Date of Award

5-2013

Document Type

Thesis

Degree Name

Master of Science (MS)

Legacy Department

Mechanical Engineering

Advisor

Thompson, Lonny

Committee Member

Daqaq , Mohammed

Committee Member

Zhao , Huijuan

Abstract

Due to the lighter weight of honeycomb structures compared with a cuboid of similar material, honeycomb is widely used in applications requiring a high stiffness to weight ratio. One important honeycomb meta-structure is sandwich composites designed with a honeycomb core between two thin panel layers. The geometry of the honeycomb is formed from periodically spaced, non-overlapping unit cells. An important advantage of cellular materials such as honeycomb is that vibration and acoustic properties can be changed simply by changing the unit cell geometry variables such as included angle, cell wall thickness and length, while keeping the overall dimensions of the structure unchanged.
Previous investigators have studied the vibration and sound transmission loss (STL) properties of honeycomb sandwich structures subjected to in-plane loading. In these studies, two-dimensional (2D) finite element models were sufficient to obtain solutions. In the present work, the sound transmission performance of honeycomb for out-of-plane loading is investigated, requiring a complete three-dimensional (3D) structural-acoustics model. In order to obtain efficient finite element solutions for a 3D model, a prolate spheroidal impedance boundary is used to truncate the unbounded acoustic region. The impedance boundary is designed to approximate the far-field acoustic radiation condition and absorb outgoing waves without reflection. The accuracy of this impedance boundary depends on the distance from the sound source, in this case the vibrating honeycomb structure, and frequency. In the present work, a 2D structural-acoustic finite element model with an elliptical non-reflecting impedance boundary is used to provide guidelines for generalization to the 3D model with a prolate spheroidal boundary. The 2D model provides fast STL solutions, for multiple model design evaluations, for selection of the smallest dimension which provides a reduced computational domain, while still maintaining similar accuracy to a circular (spherical) boundary with a much larger distance.
Using the 3D finite element modeling procedure developed, natural frequencies and mode shapes are calculated to determine frequency ranges of interest for a steady-state analysis of a honeycomb sandwich panel coupled with the acoustic region subject to a time-harmonic pressure load. The effects of honeycomb unit cell geometry; both positive cell wall (regular) and negative angles (auxetic), on the sound transmission performance are compared. Relationships are observed between the number and frequency locations of peak amplitudes in STL response to the number of positive and negative normal amplitude regions in the mode shapes of the honeycomb structure. It is found that peaks in STL occur only when the number of positive amplitude mode shape regions is different from the number of negative regions. When the numbers of positive and negative amplitude regions are different, the amount of sound transmitted through the honeycomb structure is large. In contrast, when the numbers of positive and negative regions are the same, there is cancellation, and the amount of sound transmission is small (high STL).
The first STL peak amplitude always occurs at the first natural frequency with a corresponding mode shape with a single positive or negative region. The second and third peak amplitudes occur at the closely spaced natural frequencies associated with the first pair of mode shapes which have different numbers of positive and negative amplitudes in reversed order. In some cases, even when the numbers of positive and negative regions are unequal, the incomplete shape of one amplitude region partially split into two, results in weaker peak amplitude.
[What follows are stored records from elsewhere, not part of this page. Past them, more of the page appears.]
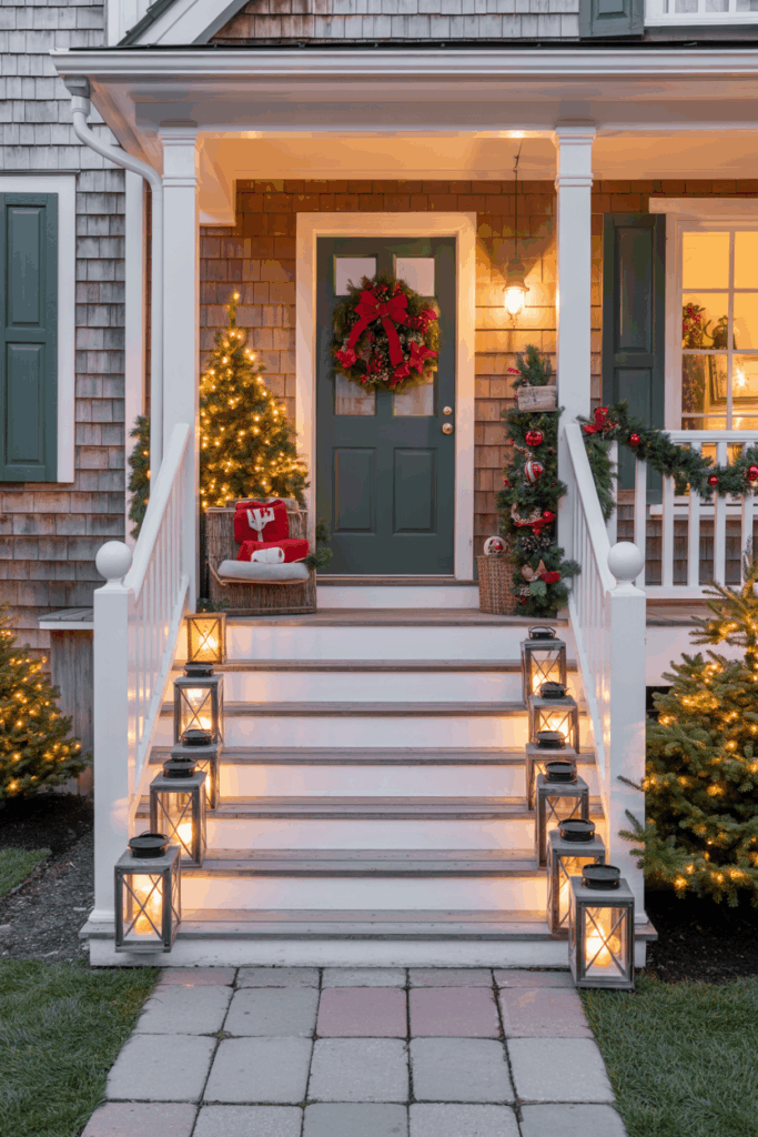 Line your front steps with a series of outdoor lanterns in varying heights. Use LED candles or fairy lights inside and add accents like mini ornaments or faux snow for added holiday flair. Group in odd numbers for a designer look.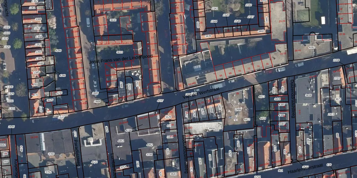 Van der Werfstraat 62 is gelegen op kadastraal perceel LDN01H3635. Deze kadastrale aanduiding is uniek en wordt gebruikt door het Kadaster om eigendomsrechten en andere zakelijke rechten vast te leggen. Het perceel maakt onderdeel uit van de kadastrale gemeente Leiden.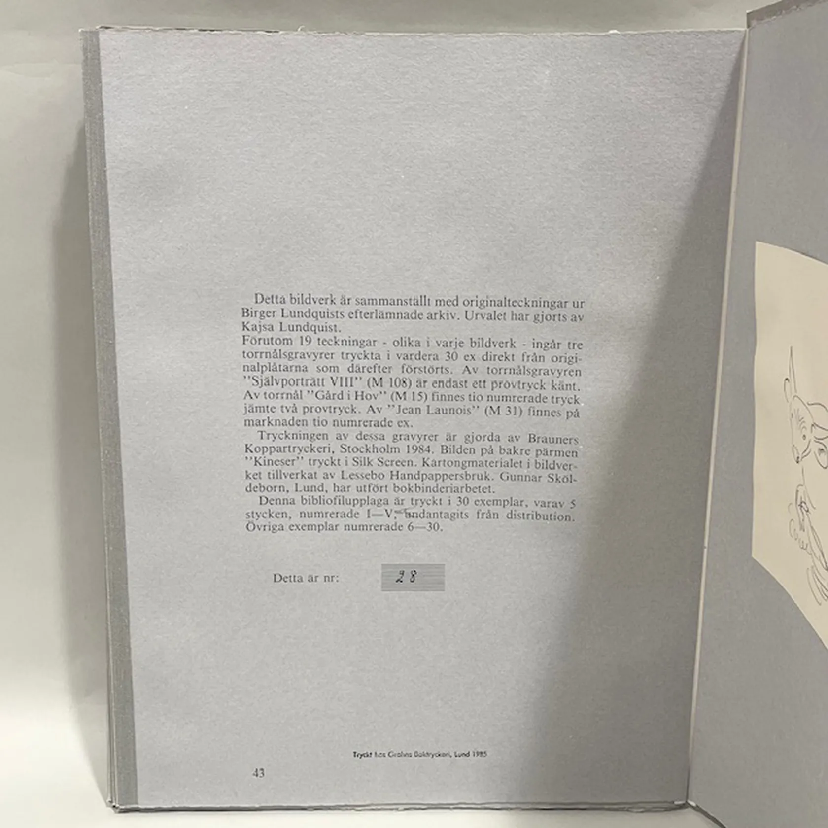 Folder, Birger Lundqvist, bildverk med 20 teckningar samt 3 torrnålsgravyrer, signerade, numrerad 28/30, 40x30x3cm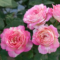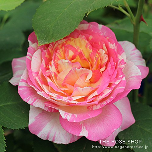 - 作出国:フランス 。花弁色:ピンクと白の絞り 咲き方:四季咲き。 芳香の強さ:中香 花形: カップ咲き~ロゼット咲き 花径:10cm、大輪 樹高:1m×0.8m、ブッシュ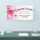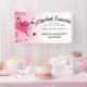 A yarn heart with crochet hook and faux sparkles on this craft show booth display banner for a wall or table, personalized with your text, fonts, and colour scheme.

Comparing results for auxetic honeycomb cells with negative angles, the frequencies at peak amplitudes are observed to increase as the included angles of the unit cells are increased. For regular honeycombs with positive unit cell angles, the differences in the STL curves are small, and the width between the 2nd and 3rd peaks increases as the included angle of the cell is increased. Also, the average frequencies between the second and third peaks are similar for each of the regular honeycomb unit cell geometries, a property not observed for the auxetic honeycombs.